The fundamental driving force for compromise therefore is the Payoffs we want in return in the form of feeling good about ourselves, being part of, accepted, loved and all these other wonderful feelings. All of which you hope will go towards overcoming and proving to yourself that in fact “I am good enough.”
But what is the reality?
Consider this. Would you, or anyone for that matter, willingly compromise yourself knowing that (a) you are foregoing or giving up on what you really want to do, and (b) your compromising would bring you no payoffs or paybacks or anything? The chances are that no one would because there would be no value for doing so.
Therefore, the fundamental reason one compromises is for no other reason than to satisfy one’s emotional needs. It is a “game” played in practically every aspect of our life. We see it in business, politics, religion, intimate relationships, and … and … and. We have come to know and consider this game as creating win-win situations. Which is actually rubbish because in the supposed win-win situations we create, you will invariably find one party being required to concede or give up more the other – especially in situations where one party in the negotiations has more power than the other. Like for example a large chain store engaging with a small supplier, a first world nation negotiating with a third world nation, an employer negotiating with a employee, a couple trying to make their relationship work.
If compromise is therefore an act for pure self gain, what does this say and demonstrate about our social beliefs of it being a virtues and essential quality for showing caring, compassion, love etc.? What it says and shows is that in fact it represents the complete opposite.
What compromise, in fact, actually represents and shows is that it is done for pure selfish, self-righteous, arrogant, uncaring, self-centered reasons which most certainly do not represent or show true love or caring?

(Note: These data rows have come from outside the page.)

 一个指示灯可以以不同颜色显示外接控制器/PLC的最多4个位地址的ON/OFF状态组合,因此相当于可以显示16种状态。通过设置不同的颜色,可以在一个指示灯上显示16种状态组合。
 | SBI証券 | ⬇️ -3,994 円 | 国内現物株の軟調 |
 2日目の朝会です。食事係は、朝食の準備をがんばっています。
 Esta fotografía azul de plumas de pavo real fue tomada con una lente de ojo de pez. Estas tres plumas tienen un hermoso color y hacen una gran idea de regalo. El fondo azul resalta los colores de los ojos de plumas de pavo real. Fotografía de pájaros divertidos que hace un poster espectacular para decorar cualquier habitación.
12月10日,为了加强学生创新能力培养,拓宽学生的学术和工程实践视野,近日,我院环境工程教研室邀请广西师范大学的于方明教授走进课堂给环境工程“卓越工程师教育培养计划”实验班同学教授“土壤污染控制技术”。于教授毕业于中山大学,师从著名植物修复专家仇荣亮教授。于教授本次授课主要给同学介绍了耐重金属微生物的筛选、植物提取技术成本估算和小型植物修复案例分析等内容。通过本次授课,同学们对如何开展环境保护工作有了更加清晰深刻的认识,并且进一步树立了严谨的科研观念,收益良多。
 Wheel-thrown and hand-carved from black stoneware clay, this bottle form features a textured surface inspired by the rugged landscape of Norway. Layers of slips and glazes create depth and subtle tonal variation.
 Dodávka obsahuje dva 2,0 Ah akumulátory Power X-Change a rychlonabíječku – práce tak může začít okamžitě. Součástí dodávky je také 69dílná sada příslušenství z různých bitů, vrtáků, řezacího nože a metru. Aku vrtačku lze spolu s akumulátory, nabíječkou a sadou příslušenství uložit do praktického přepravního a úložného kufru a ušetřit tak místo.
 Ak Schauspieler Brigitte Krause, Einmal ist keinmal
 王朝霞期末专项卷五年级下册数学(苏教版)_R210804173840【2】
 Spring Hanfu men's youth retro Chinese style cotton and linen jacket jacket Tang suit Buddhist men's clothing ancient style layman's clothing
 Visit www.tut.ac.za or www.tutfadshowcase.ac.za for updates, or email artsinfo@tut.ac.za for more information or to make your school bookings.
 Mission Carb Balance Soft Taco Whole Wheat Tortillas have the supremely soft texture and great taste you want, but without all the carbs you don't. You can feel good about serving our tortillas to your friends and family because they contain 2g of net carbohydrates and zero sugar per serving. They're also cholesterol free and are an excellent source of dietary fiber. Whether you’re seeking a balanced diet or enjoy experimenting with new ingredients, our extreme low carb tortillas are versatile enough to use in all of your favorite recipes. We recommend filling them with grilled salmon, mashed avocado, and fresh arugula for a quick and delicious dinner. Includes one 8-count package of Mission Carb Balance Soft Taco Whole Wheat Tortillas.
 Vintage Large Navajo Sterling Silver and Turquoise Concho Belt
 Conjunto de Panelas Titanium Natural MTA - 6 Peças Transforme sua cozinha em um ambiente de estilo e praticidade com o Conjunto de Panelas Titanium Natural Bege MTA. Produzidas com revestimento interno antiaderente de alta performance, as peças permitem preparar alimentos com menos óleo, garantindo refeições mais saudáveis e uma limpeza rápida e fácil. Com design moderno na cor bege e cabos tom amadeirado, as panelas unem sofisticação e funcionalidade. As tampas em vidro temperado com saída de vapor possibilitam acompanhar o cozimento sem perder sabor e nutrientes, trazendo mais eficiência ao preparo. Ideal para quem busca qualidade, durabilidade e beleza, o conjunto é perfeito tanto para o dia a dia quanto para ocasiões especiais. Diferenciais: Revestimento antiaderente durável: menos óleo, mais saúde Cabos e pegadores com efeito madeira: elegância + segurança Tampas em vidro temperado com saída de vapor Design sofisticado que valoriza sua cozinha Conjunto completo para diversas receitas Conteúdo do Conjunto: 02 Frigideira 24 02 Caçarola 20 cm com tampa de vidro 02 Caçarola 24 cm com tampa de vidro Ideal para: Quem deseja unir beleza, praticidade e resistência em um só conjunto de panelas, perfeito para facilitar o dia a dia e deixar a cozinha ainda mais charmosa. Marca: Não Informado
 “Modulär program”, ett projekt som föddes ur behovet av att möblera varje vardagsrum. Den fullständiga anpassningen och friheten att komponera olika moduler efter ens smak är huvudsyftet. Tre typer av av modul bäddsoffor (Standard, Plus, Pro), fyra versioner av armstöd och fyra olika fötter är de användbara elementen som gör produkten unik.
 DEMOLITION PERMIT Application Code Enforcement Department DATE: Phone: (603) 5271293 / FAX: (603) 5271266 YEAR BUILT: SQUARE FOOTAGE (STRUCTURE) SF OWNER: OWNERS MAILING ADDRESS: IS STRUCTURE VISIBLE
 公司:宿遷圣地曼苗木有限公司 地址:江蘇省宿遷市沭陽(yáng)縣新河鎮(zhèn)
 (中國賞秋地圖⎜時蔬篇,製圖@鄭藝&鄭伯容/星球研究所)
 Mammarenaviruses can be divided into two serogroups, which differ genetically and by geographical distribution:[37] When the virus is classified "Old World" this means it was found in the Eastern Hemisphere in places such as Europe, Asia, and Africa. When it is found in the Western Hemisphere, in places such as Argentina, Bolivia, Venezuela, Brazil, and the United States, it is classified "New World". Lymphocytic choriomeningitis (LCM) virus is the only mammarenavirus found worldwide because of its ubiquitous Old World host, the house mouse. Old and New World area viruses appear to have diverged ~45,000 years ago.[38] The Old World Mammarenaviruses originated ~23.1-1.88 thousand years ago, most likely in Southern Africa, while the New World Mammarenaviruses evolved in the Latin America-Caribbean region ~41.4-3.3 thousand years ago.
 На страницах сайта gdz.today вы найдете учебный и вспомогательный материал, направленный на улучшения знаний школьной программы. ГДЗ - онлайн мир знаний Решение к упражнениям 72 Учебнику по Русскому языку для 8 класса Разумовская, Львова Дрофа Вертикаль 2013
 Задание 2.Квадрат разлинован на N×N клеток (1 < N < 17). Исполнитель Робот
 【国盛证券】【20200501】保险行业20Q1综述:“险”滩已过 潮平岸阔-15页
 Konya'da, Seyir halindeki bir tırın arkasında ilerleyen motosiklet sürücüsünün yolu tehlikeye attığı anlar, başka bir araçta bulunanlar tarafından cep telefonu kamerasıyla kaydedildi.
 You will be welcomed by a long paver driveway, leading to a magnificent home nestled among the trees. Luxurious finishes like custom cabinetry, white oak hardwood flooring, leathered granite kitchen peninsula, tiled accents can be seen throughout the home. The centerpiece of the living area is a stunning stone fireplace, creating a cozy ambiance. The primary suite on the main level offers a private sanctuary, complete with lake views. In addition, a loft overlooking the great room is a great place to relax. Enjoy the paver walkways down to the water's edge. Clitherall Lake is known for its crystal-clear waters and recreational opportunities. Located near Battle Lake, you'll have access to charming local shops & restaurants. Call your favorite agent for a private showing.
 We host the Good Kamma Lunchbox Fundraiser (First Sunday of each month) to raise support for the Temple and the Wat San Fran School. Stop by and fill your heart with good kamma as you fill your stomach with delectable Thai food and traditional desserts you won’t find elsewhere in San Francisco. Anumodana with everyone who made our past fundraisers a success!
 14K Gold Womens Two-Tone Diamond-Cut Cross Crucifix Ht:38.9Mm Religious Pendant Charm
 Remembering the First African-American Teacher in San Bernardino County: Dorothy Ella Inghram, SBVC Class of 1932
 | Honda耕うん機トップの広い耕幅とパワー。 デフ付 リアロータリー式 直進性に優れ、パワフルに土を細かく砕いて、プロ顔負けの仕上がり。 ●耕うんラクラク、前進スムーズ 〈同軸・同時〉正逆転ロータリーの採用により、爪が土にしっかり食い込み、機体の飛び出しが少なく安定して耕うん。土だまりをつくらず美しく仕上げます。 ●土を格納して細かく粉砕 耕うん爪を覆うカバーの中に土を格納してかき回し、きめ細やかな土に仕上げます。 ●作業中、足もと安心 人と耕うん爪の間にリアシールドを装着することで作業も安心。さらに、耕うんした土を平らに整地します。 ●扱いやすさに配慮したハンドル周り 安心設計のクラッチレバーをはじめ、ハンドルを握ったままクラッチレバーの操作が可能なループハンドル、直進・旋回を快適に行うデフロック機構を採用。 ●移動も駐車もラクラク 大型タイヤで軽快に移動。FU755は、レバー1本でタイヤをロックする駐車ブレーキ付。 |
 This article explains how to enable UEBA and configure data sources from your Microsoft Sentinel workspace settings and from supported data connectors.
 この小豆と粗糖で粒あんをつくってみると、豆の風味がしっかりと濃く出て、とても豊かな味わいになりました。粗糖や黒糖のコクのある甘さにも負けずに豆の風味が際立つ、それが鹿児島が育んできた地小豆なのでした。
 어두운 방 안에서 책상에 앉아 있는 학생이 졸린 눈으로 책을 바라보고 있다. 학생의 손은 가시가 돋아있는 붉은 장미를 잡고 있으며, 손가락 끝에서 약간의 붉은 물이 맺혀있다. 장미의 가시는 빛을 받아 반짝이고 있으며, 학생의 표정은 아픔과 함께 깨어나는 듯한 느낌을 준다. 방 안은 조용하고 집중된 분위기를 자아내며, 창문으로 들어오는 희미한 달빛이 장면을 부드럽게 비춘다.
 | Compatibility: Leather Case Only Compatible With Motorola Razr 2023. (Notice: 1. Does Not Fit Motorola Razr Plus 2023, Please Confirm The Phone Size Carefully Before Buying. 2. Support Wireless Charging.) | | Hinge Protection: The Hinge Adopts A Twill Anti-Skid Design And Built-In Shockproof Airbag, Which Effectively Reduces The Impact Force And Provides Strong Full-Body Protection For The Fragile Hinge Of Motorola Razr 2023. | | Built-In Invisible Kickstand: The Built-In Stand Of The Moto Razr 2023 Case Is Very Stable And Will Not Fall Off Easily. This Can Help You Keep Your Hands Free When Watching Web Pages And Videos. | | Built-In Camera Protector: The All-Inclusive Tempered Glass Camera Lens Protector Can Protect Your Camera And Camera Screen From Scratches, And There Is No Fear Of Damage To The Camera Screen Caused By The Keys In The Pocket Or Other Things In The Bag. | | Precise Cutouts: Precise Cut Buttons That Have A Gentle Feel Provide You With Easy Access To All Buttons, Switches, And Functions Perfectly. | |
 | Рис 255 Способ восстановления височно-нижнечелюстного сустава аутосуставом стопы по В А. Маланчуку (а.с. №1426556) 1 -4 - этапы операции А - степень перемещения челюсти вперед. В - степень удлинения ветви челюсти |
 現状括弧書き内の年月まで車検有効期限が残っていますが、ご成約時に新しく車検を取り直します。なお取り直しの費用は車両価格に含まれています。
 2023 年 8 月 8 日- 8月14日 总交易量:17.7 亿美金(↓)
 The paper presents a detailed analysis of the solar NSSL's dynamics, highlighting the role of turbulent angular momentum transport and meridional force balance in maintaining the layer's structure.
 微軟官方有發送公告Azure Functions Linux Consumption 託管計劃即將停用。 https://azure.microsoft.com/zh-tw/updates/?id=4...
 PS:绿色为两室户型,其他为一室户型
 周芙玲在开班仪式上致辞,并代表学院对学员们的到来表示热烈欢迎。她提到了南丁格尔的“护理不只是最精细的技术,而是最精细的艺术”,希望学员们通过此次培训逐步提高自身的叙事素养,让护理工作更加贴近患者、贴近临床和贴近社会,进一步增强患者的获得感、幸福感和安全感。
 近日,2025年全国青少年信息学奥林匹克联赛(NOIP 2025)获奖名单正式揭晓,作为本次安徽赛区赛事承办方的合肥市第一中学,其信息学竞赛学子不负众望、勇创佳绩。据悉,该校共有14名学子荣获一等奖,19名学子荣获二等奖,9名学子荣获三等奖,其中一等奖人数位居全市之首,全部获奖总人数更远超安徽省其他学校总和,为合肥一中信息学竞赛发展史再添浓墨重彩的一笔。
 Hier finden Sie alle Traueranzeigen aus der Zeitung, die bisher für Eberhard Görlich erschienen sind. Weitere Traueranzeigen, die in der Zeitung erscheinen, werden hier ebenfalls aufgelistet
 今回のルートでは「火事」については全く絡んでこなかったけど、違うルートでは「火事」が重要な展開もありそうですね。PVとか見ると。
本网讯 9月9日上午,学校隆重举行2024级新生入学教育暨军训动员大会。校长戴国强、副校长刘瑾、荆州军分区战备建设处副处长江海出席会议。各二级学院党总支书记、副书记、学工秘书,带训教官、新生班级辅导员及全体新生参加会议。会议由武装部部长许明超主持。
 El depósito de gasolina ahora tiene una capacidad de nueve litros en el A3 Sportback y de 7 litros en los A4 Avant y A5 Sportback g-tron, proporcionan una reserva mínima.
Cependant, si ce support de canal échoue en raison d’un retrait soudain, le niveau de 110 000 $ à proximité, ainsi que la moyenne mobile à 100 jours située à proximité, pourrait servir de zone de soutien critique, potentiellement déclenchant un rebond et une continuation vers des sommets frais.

True or real win-win situations can only be created by not compromising. To do that however one needs to be fully OK with themselves. That means and requires one to eliminate their feelings and belief of being not good enough – one’s MOULD. Eliminating the MOULD will result in the automatic unconditional acceptance of Self. This will allow you to practice the true love of self, caring of self, completeness of self, no feelings and belief of being not good enough. As a result, you will have no reason whatsoever to compromise
By living out of the love of self you will also by default or automatically see and accept everyone and everything else unconditionally – true Love.
Where two or more parties engage at this level each will be give of themselves fully to achieve a common objective without any requirement for compromising.
That will create true win-win situations.